Your output should be everything below from the line containing "然后用鼠标选中成绩表下面的总" down to the line containing "ふらのへそくりカードの日頃のご愛顧を感謝して年末恒例の大感謝セールを実施します!", both ends included, copied exactly, with pictures left out.

*** Opening Excerpted data ***

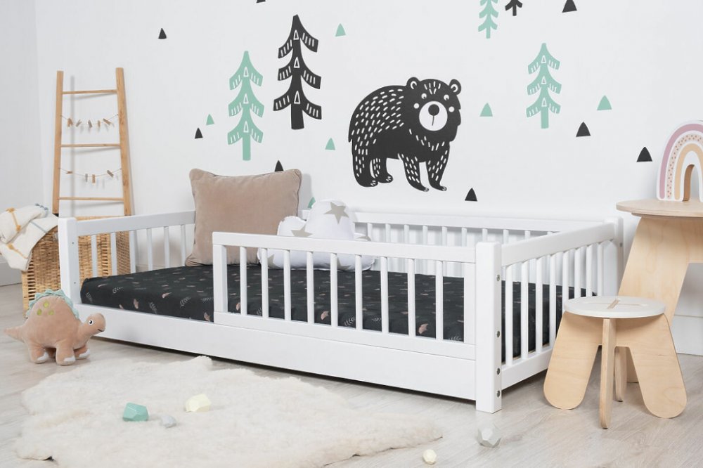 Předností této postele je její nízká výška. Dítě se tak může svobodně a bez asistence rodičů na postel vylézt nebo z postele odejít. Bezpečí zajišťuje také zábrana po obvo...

*** Closing Excerpted data ***
*** Opening Excerpted data ***

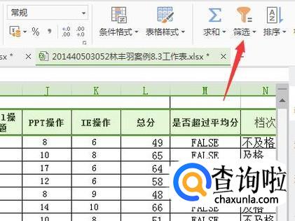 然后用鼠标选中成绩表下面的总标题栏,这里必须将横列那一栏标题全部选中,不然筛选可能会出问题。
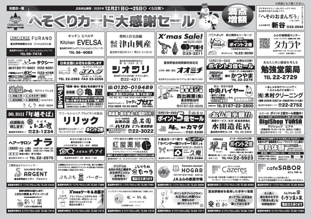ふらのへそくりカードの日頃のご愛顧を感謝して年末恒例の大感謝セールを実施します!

*** Closing Excerpted data ***

Response
 然后用鼠标选中成绩表下面的总标题栏,这里必须将横列那一栏标题全部选中,不然筛选可能会出问题。
ふらのへそくりカードの日頃のご愛顧を感謝して年末恒例の大感謝セールを実施します!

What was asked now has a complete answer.